The aroma compounds generated during fermentation influence the perception of the final wine aroma. Adding g-IDY can increase the content of phenylethanol, a floral compound, by enhancing the GSH-mediated reduction in phenylacetaldehyde by alcohol dehydrogenase [53,54,55]. Phenylethyl acetate, another floral compound, is formed by the esterase-catalyzed reaction of acetic acid and phenylethanol [56]. It may be that the yeast synthesizes more phenylethanol, which is subsequently converted by esterase into more phenylethanol acetate.

We used nonlinear regression models to fit the yeast growth, sugar consumption, and ethanol production data during wine fermentation. The Logistic model fitted the yeast growth better, and the Boltzmann model fitted the sugar consumption and ethanol production better. Both models captured the kinetics of co-fermentation well. Our results agreed with those of Qi et al. [57] for the Logistic model and Wang et al. [27] for the Boltzmann model, with R² values above 0.99. However, our models were empirical and did not account for the possible metabolic changes in yeast. Therefore, we suggest integrating the kinetic model with the formation mechanism of matter for an improved understanding of the wine fermentation process [58].

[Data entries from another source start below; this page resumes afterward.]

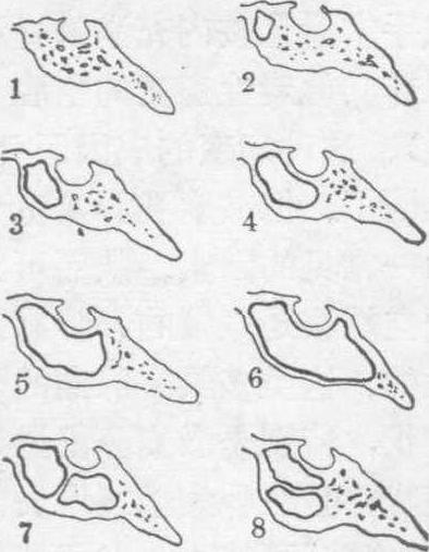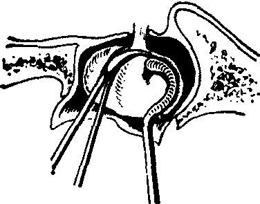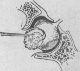 图7 肌肉块填塞鞍腔防治术后脑脊液漏 垂体柄切断术 可以阻断垂体的分泌功能,被用以治疗与垂体前叶激素密切相关的肿瘤,特别是晚期乳腺癌和前列腺癌的更加恶化。手术经额下入路,将额叶牵向后上方,显露出垂体柄并在其上夹上一银夹,继将垂体柄剪断。剪断垂体柄时要紧挨着垂体一侧,且不可将垂体柄向下牵拉,否则易损伤下丘脑。由于术后垂体门脉系统容易迅速再生,使垂体恢复其分泌功能,所以这种手术的效果难以持久。 垂体切除术 手术的目的是将正常垂体完全切除,以消除其分泌功能。手术适应证为晚期乳腺癌、前列腺癌、糖尿病性视网膜病变。手术可经额下入路,首先切断垂体柄,挖除全部垂体,再用Zenker液毁坏可能残留的垂体组织。垂体切除术亦可经蝶窦入路进行,暴露鞍底后将鞍底硬脑膜作十字形切开,从垂体表面与各硬脑膜瓣间进行分离,显露出整个垂体的前面,再轻轻地将垂体向下压,找出硬脑膜与垂体表面的间隙,沿此继续分离垂体上面,达垂体柄及鞍膈孔为止。如鞍膈孔较大,可在蝶鞍腔内发现一蛛网膜憩室,慎勿将它撕破。此时即可用尖端圆钝的小剪,紧挨着垂体表面,将垂体柄作低位剪断(图8)。因为切断的位置越高,越容易导致永久性尿崩症。接着从外侧、下方和后方作同样的分离,完整地取下垂体。在使用手术器械在鞍内操作的各步骤,均须在电视监视下进行,以防器械活动范围超过了鞍膈水平。
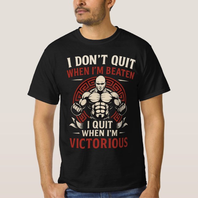 Push your limits with this bold motivational gym t-shirt. Featuring the powerful quote “I don’t quit when I’m beaten, I quit when I’m victorious” and a strong warrior graphic, this shirt is perfect for fitness lovers, athletes, fighters, and anyone chasing success. Ideal for workouts, bodybuilding sessions, training, MMA, or just making a strong statement in everyday life. Designed for men who never give up, this shirt inspires determination, discipline, and victory. A perfect gift for gym rats, sports enthusiasts, and champions who live by strength and perseverance.
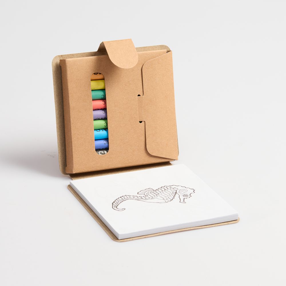 В комплекте 11 цветных восковых мелков и блокнот на 40 страниц для раскрашивания и рисования: 12 страниц с рисунками и 28 чистых страниц. Блокнот и мелки компактно хранятся под одной обложкой.
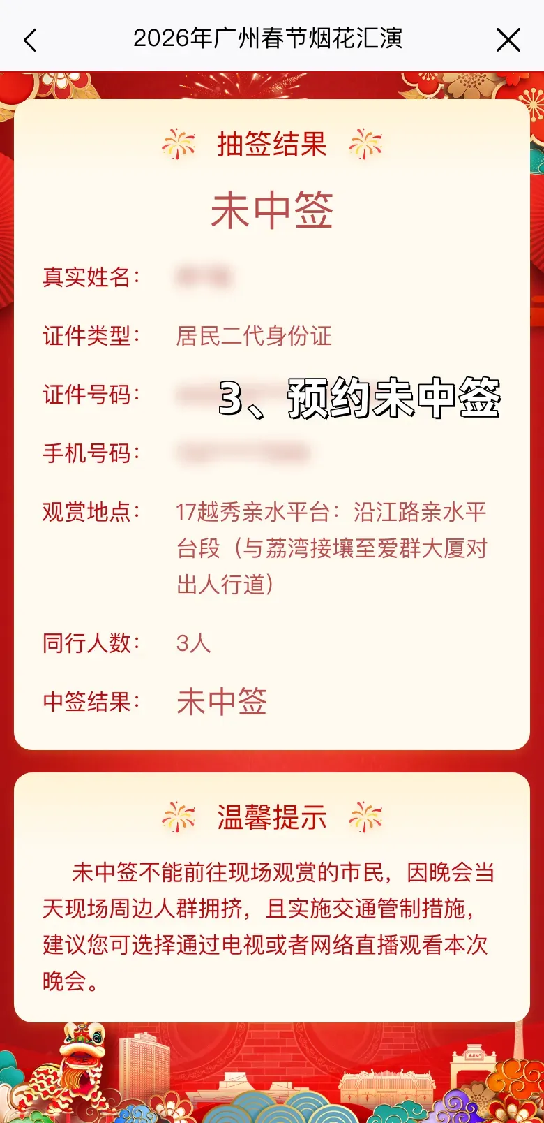 ① 请按照中签信息提前安名次程,按期参加指定不雅赏点。
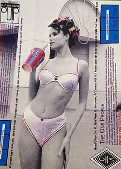 In 1996 Minichiello launched ONS, a chic but sassy line of bespoke undergarments, boldly branded to “look best on the bedroom floor”.[12] Sometimes playfully referred to by insiders as ‘One Night Stand’, ONS undergarments were brightly colored boxers, briefs and G-strings in fabrics like burnout velvet, stretch velour and imported silk. ONS was one of the first brands of underwear marketed as a lifestyle choice. Each ONS purchase included a complimentary (and flavoured) ONS-labeled condom, with portions of sales going to HIV and AIDS research. The boundary-pushing marketing and designs created a buzz, shooting Minichiello into the Vancouver fashion scene as one of the first designers to anticipate the unlimited possibilities of underwear conceived as play, entertainment, identity, and social activism.[12][13]

Kinetic models are increasingly used to optimize alcoholic beverage production. Fermentation efficiency depends not only on the inherent fermentation capacity of microorganisms but also on factors such as microbial interactions, fermentation processes, and conditions. By using kinetic models to monitor key indicators in the fermentation process, the final levels of relevant indicators in the wine production process can be accurately predicted, which has important implications for industrial production. Future research should focus on elucidating the molecular complexity of g-IDY, considering factors such as gene expression and enzyme activity, and using genomic and molecular techniques to study its effects on yeast metabolism and interactions, offering more comprehensive insights into the application of g-IDY in wine production. This study improved the understanding of the effects of g-IDY on the fermentation process and the aroma of wine and could ultimately help improve wine production.

5. Conclusions

In this study, we utilized four well-established fermentation kinetic models, namely, Logistic, SGompertz, Boltzmann, and DoseResp models, to perform nonlinear fitting of yeast cell growth, reducing sugar content, and ethanol production during the mixed fermentation of grape wine with the addition of g-IDY. To assess the reliability of these fitting models, we evaluated them using the fitting coefficients (R² values). These models effectively capture the kinetic characteristics of the fermentation process, with the Logistic, DoseResp, and Boltzmann models emerging as particularly suitable for simulating yeast cell growth, reducing sugar content, and ethanol production, respectively. Additionally, by conducting GC-MS analysis of wine aromas, we found that the addition of g-IDY increased the aroma content of phenethyl acetate, phenylethanol, and isoamyl alcohol. These findings not only contribute to the understanding of the impact of g-IDY on fruit wine production but also provide a valuable theoretical foundation and practical guidance for its application in the industry.